Sarafine waved her hand. Link’s mouth was still moving, but he wasn’t making a sound. “That’s better. You’re lucky I didn’t have to spend all my time in your mother’s body over the last few months. If I had, you’d be dead by now. I can’t tell you the number of times I nearly killed you out of boredom at the dinner table, droning on about your stupid band.”
It all made sense now. The crusade against Lena, the Jackson Disciplinary Committee meeting, the lies about Lena’s school records, even the weird brownies on Halloween. How long had Sarafine been masquerading as Mrs. Lincoln?
In Mrs. Lincoln.
I had never really understood what we were up against until now. The Darkest Caster living today. Ridley seemed so harmless in comparison. No wonder Lena had been dreading this day for so long.

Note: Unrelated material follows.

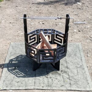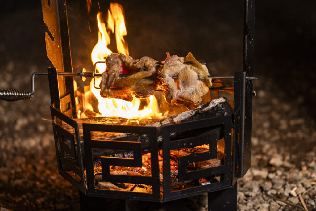 焚き火台横に設置された支柱に焼き串を引っ掛けて、火の上でくるくると回しながらお肉を焼くことができます。某怪物狩猟系ゲームの調理シーンをリアルに再現できる、夢のような焚き火台です。
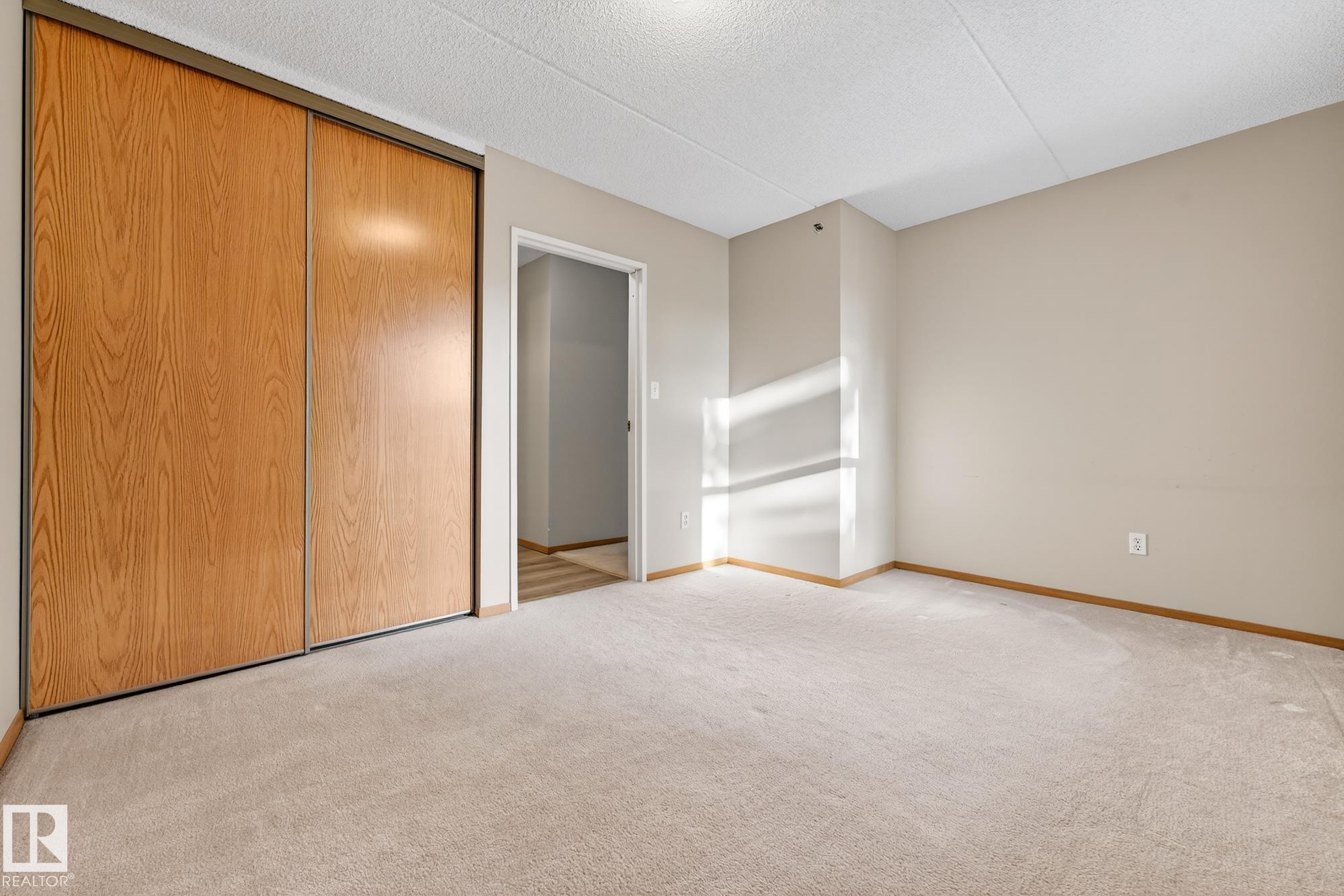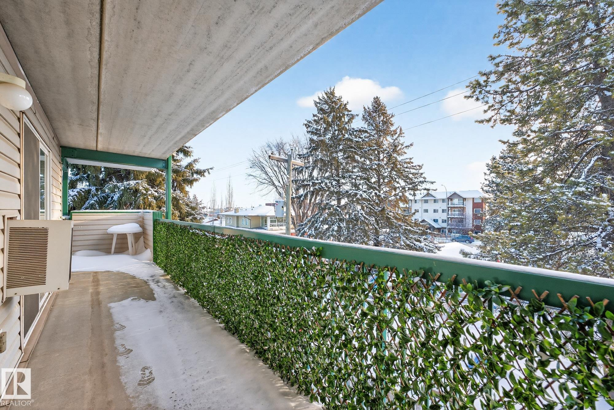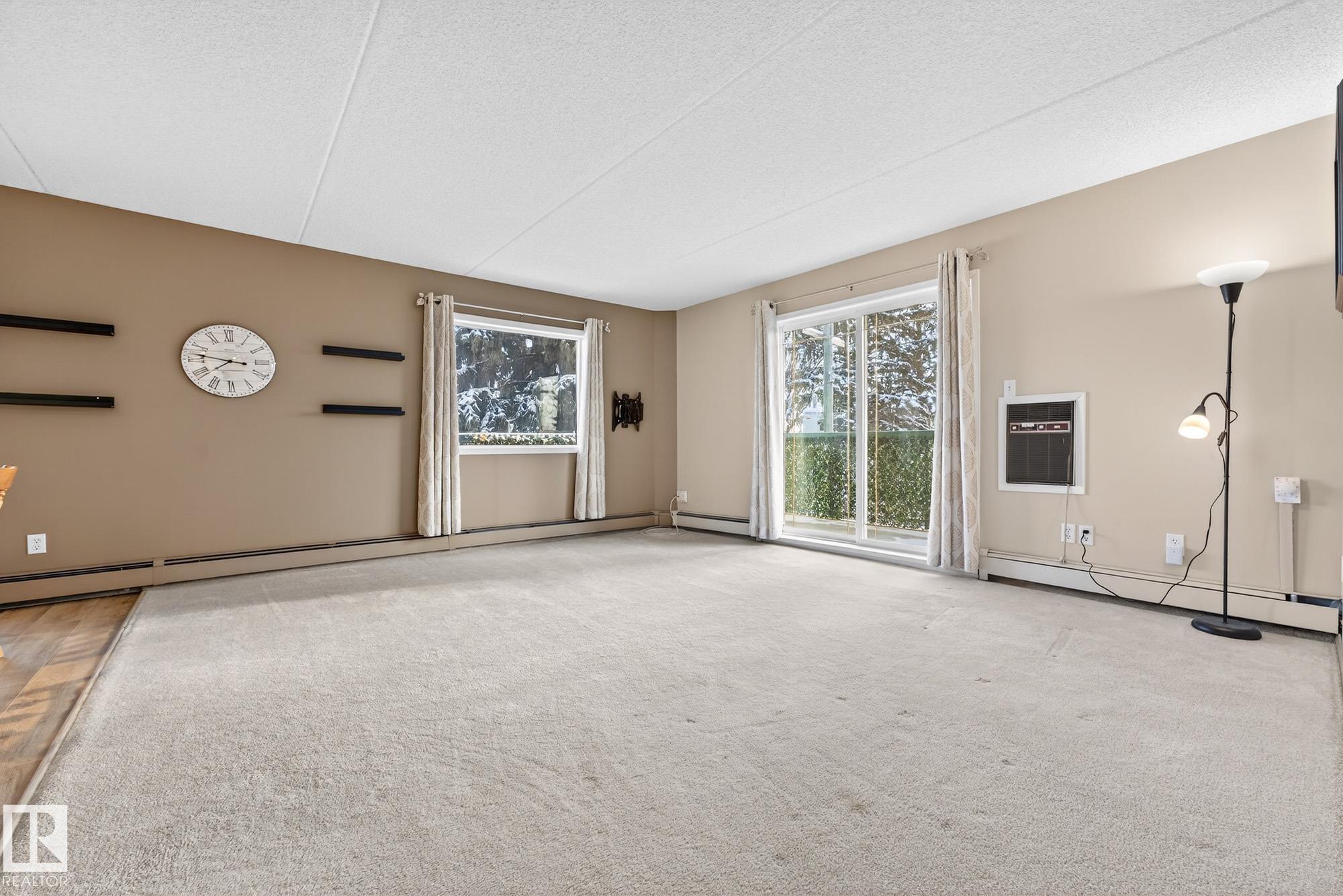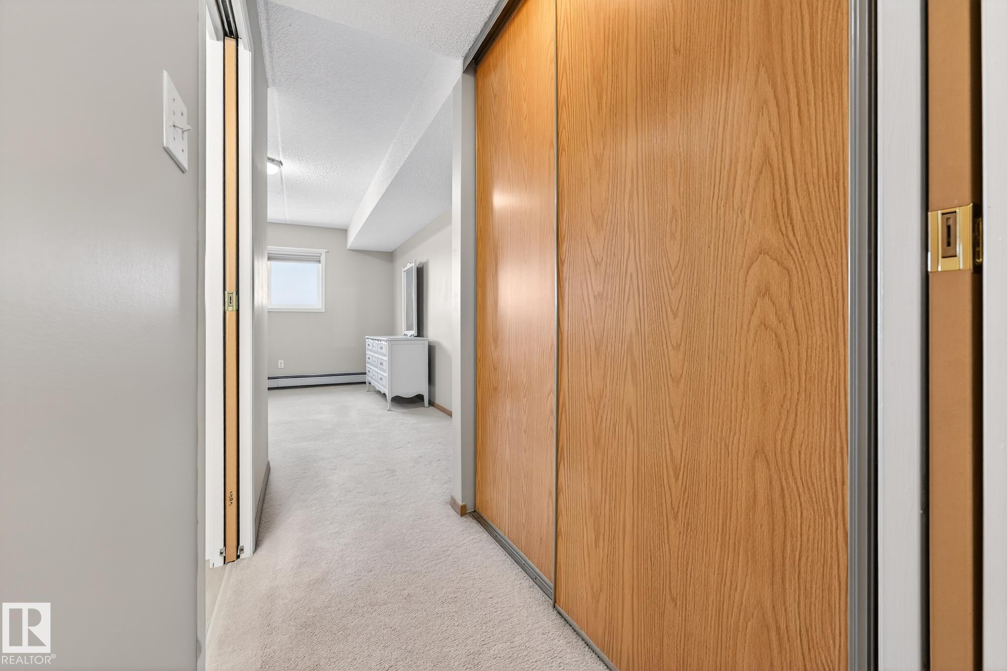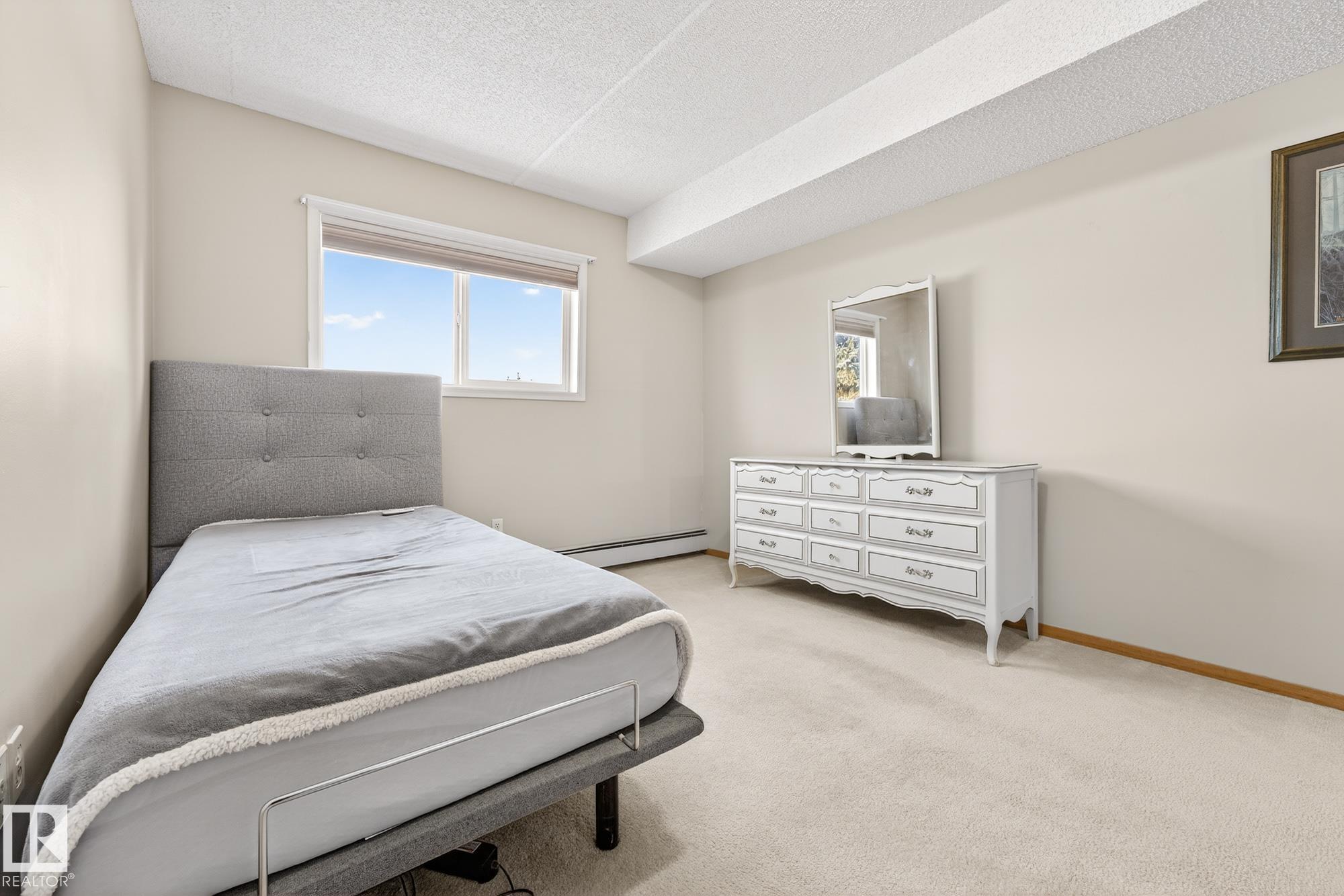 Spacious and well-appointed **corner unit** in a **55+ building (no pets allowed)**. Located on the **third floor**, this **largest suite in the building** features a **large wrap-around balcony** plus an additional **storage room**. Enjoy the comfort of a **steel and concrete construction** with **elevator access**, **wider hallways for wheelchair accessibility**, and a quiet, well-maintained community. The suite offers **newer vinyl plank flooring**, **window coverings included**, **in-suite laundry with storage**, and **A/C**. The functional layout includes a **4-piece main bath** and a **3-piece ensuite with stand-up walk-in shower**. One **assigned parking stall** is included. Within walking distance of all amenities **Condo fees cover cable, heat, water, and sewer**, providing excellent value. The **self-regulated condo board** is made up of resident owners with a strong vested interest in the building. A rare opportunity to own a bright, accessible, and move-in-ready home in a well-run community.

Sarafine looked back at Lena. “You may think you don’t have a mother, Lena, but if that’s true, it’s only because your grandmother and your uncle took you from me. I’ve always loved you.” It was disconcerting how Sarafine could move so easily from one set of emotions to another, from sincerity and regret to disgust and contempt, each emotion as hollow as the next.
Lena’s eyes were bitter. “Is that why you’ve been trying to kill me, Mother?”